À crise política e econômica mundial somou-se a maior pandemia de que se tem notícia, jogando gasolina na fogueira que vem se armando desde 2008. A intensificação da crise levou a manifestações espontâneas contra o racismo do regime imperial estadunidense naquele país. Nossa nação dependente, constituída por um hipertrofiado setor informal, não conseguiu lidar com a quarentena (em muito devido a instransigência de setores imperialistas encarnados em Paulo Guedes) e pilhas de mortos acumulam-se sobre os escombros da já combalida economia nacional no momento em que os governadores falam em relaxar o distanciamento social, o que muito provavelmente causará um verdadeiro genocídio com a saturação do sistema de saúde.

É nesse cenário que a esquerda tem de se posicionar.

Neste exato instante (05/06), poucos dias antes do aniversário de 7 anos dos primeiros atos de 2013 em São Paulo, o retorno do Anonymous e o embate do lavajatismo e do bolsonarismo determinam a dinâmica das redes sociais. O petucanismo é cada vez mais uma fraca memória de tempos de estabilidade institucional e, embora ainda tenha um peso razoável, sua relevância é minguante. A herança do horizontalismo e do espontaneísmo ainda contaminam toda a esquerda, que se encontra fraturada por causa das manobras violentas do PT em agosto de 2018 para manutenção de sua posição de liderança que, em última instância, pavimentaram a eleição de Bolsonaro.

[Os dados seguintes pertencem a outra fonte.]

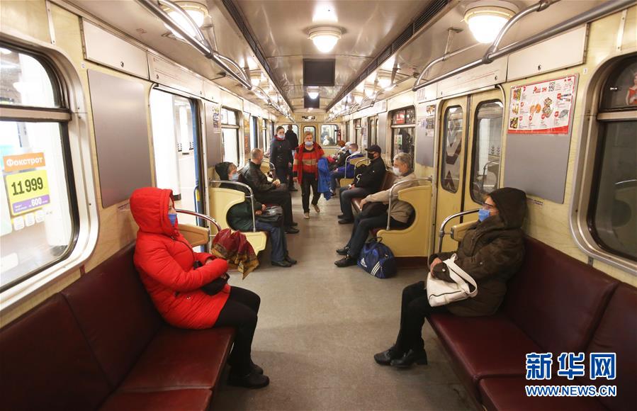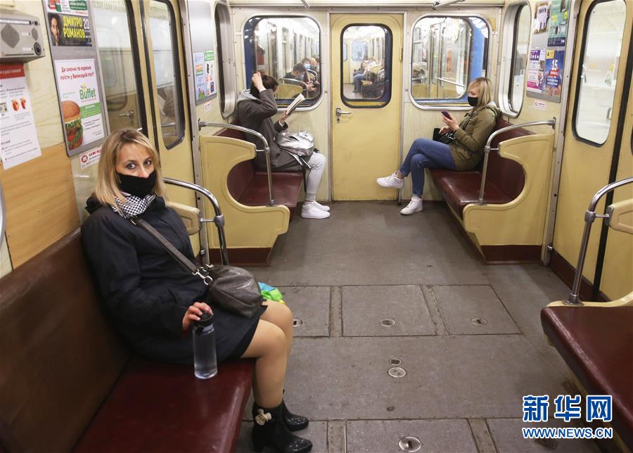 5月25日,在乌克兰基辅市,乘客佩戴口罩搭乘地铁列车。新华社发(谢尔盖·斯塔拉斯坚科摄)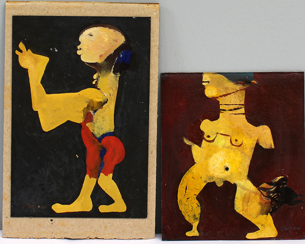 Ignoto, lotto composto da due piccoli olii su cartone raffiguranti figure, entrambi firmati (cm 16x14; cm 19,3x13,2)

É difícil saber se as convocações para atos são provocações do bolsonarismo, estratégia do lavajatismo em sua disputa de hegemonia, algum novo ator ou pura e simplesmente produto da irracionalidade da esquerda “moderna”. O que importa é que o caos e a balcanização do Brasil somente interessam ao imperialismo em todas as suas vertentes. Essa vem sendo sua estratégia desda derrota na guerra do Vietnã, adotada de modo bem sucedido no Leste Europeu, no Oriente Médio e no Brasil. No lugar de intervenção militar direta, disseminam o caos e impedem a organização nacional. Lembrando que o imperialismo nunca age de modo unívoco, fraturado em tantas frentes quantas são as disputas internas na burguesia imperial. Neste momento, o PDT e outros partidos foram capazes de entender essa dinâmica e corretamente se abstiveram de convocar atos de rua contra o decadente bolsonarismo. A conjuntura acelerada pode mudar rapidamente o cenário e requerer uma mudança tática, mas por enquanto, esta parece ser a melhor alternativa.

A esquerda não pode cair vítima do mesmo erro, como vem fazendo nas últimas décadas. O atomismo e o individualismo beneficiam somente as forças imperialistas, que se aproveitam de nossas disputas internas para nos dominar. Temos de nos organizar para enfrentar tanto Bolsonaro como Moro-Guedes, mas mirando o centro da política. A contradição central está no avanço imperialista sob o Brasil, que está muito longe de acabar. É necessário liquidar todo o legado liberal que maculou a esquerda para sempre, em sua rejeição a toda organização, vista como “burocrática” e à composição política como se fosse sempre “reboquismo”. Essa organização assume tanta a forma da constituição de coletivos estruturados como a virtude de formar frentes heterogêneas, inclusive com segmentos de fora da esquerda.

Precisamos pensar o Brasil estrategicamente. Essa é a tarefa de nossa geração.